To ensure we get a bill that is worthy of South Devon, I hope we will see a piece of legislation that finds that equilibrium, while also delivering a raft of other measures that will create an environment of calm rather than fear when the dreaded ‘p-word’ is mentioned. To do so, we might consider the following points.
First, by maintaining a strong and enshrined community voice in the planning process. For many years the Conservative Party has proudly promoted Neighbourhood Plans. These community designed plans have seen neighbourhoods come together and identify what levels of development should take place in their area. Far from ruling out developments, sensible proposals have been brought forward that reflect the lay of the land, the infrastructure and the jobs market, and all with community support.
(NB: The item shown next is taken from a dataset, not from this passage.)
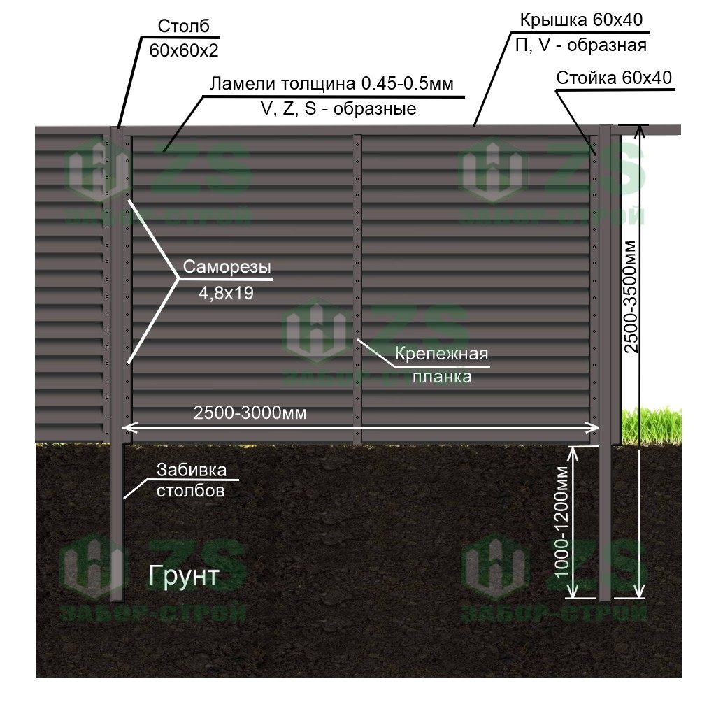 Конструкция забора жалюзи на забивных столбах:

Community cooperation, a prime example of localism, must be enshrined in the Planning Bill.
Second, where brownfield sites (formerly developed areas) are available, they must take priority over greenfield sites. It is no good eating up our green and pleasant land while unused, previously developed land sits idle. It requires more than just incentivisation to developers, but a law that places brownfield sites first. This would force the hand of developers to help regenerate our towns and high streets in a manner that meets with public approval.
Third, where developments are approved there must be due consideration towards the levels of infrastructure available. It is no good to propose new houses when the infrastructure is not already in place. An infrastructure first policy would mean that transport links, waterways and electricity capacity would all have to be in place long before the development of a site even begins.
Fourth, developers must be held to account. From the standards of the buildings they build to ensuring that all the necessary planning consents are in place before construction begins. Developers hold huge power over local areas and while they are part of the answer to our housing shortage, they should no longer be able to bully and ignore the views of residents and councils.
Fifth, the catastrophic rollout of the Green Homes Grant while frustrating, also showed that the policy was the right one. Relaunching the scheme with a more competent managing organisation will help to retrofit our existing properties, but also encourage newbuilds to be clean, green and safe for the environment.
Sixth, the issue of second homes must be addressed. With all but no rental market and property prices astronomical, we must address this matter before our towns and villages become ghost towns and only flurry with activity during tourism season.
Over the coming months, I will be consulting with different community groups as well as town and parish councils on the planning reforms. As I move about South Devon, I hope you will let me know your thoughts on how we can shape the forthcoming proposals to a position that respects our landscape and housing demand.